Task directions: Print out the data precisely as it appears here, with no pictures.

===== Data block

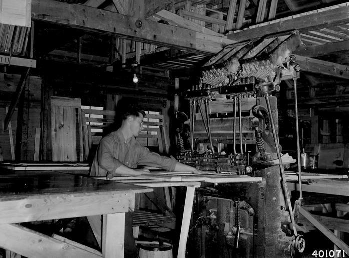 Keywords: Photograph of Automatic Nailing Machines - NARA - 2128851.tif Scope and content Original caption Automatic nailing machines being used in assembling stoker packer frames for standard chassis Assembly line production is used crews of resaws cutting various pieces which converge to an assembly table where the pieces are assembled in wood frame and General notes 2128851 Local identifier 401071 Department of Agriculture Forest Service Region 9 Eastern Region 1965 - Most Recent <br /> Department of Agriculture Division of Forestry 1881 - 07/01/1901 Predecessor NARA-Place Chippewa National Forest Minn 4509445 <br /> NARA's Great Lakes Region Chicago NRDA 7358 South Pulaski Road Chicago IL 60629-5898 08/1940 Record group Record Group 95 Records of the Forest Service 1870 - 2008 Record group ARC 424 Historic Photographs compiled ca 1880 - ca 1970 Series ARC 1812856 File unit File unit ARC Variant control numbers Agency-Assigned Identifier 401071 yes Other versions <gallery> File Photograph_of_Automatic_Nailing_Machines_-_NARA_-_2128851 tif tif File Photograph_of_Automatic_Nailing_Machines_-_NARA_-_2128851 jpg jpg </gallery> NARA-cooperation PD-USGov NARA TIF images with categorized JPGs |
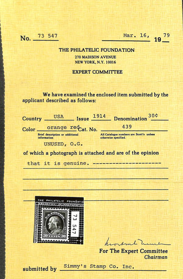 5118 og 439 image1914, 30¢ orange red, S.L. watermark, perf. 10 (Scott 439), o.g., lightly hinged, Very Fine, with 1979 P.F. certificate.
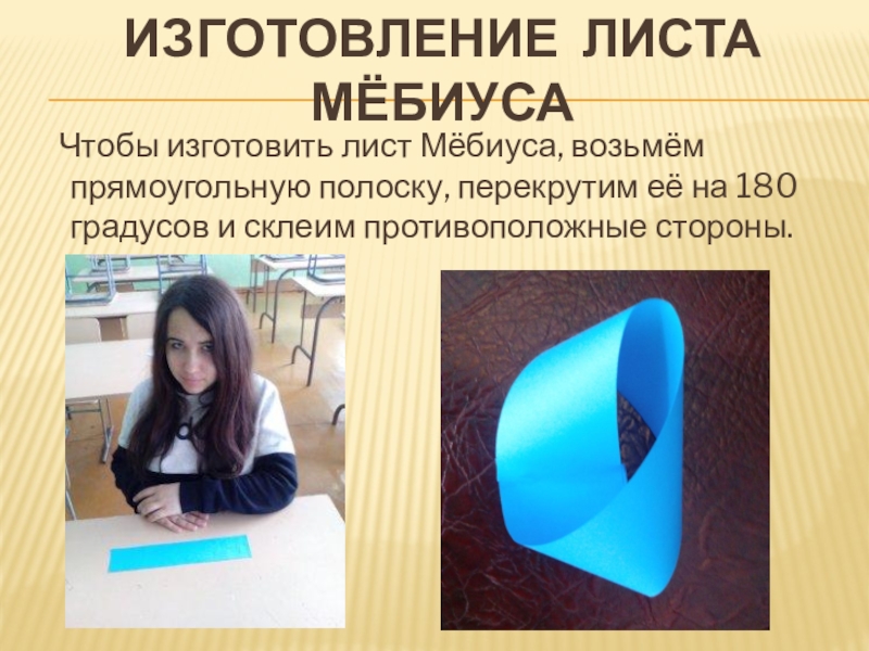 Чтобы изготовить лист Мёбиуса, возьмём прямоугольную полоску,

==========

Answer space:
 Keywords: Photograph of Automatic Nailing Machines - NARA - 2128851.tif Scope and content Original caption Automatic nailing machines being used in assembling stoker packer frames for standard chassis Assembly line production is used crews of resaws cutting various pieces which converge to an assembly table where the pieces are assembled in wood frame and General notes 2128851 Local identifier 401071 Department of Agriculture Forest Service Region 9 Eastern Region 1965 - Most Recent <br /> Department of Agriculture Division of Forestry 1881 - 07/01/1901 Predecessor NARA-Place Chippewa National Forest Minn 4509445 <br /> NARA's Great Lakes Region Chicago NRDA 7358 South Pulaski Road Chicago IL 60629-5898 08/1940 Record group Record Group 95 Records of the Forest Service 1870 - 2008 Record group ARC 424 Historic Photographs compiled ca 1880 - ca 1970 Series ARC 1812856 File unit File unit ARC Variant control numbers Agency-Assigned Identifier 401071 yes Other versions <gallery> File Photograph_of_Automatic_Nailing_Machines_-_NARA_-_2128851 tif tif File Photograph_of_Automatic_Nailing_Machines_-_NARA_-_2128851 jpg jpg </gallery> NARA-cooperation PD-USGov NARA TIF images with categorized JPGs |
 5118 og 439 image1914, 30¢ orange red, S.L. watermark, perf. 10 (Scott 439), o.g., lightly hinged, Very Fine, with 1979 P.F. certificate.
 Чтобы изготовить лист Мёбиуса, возьмём прямоугольную полоску,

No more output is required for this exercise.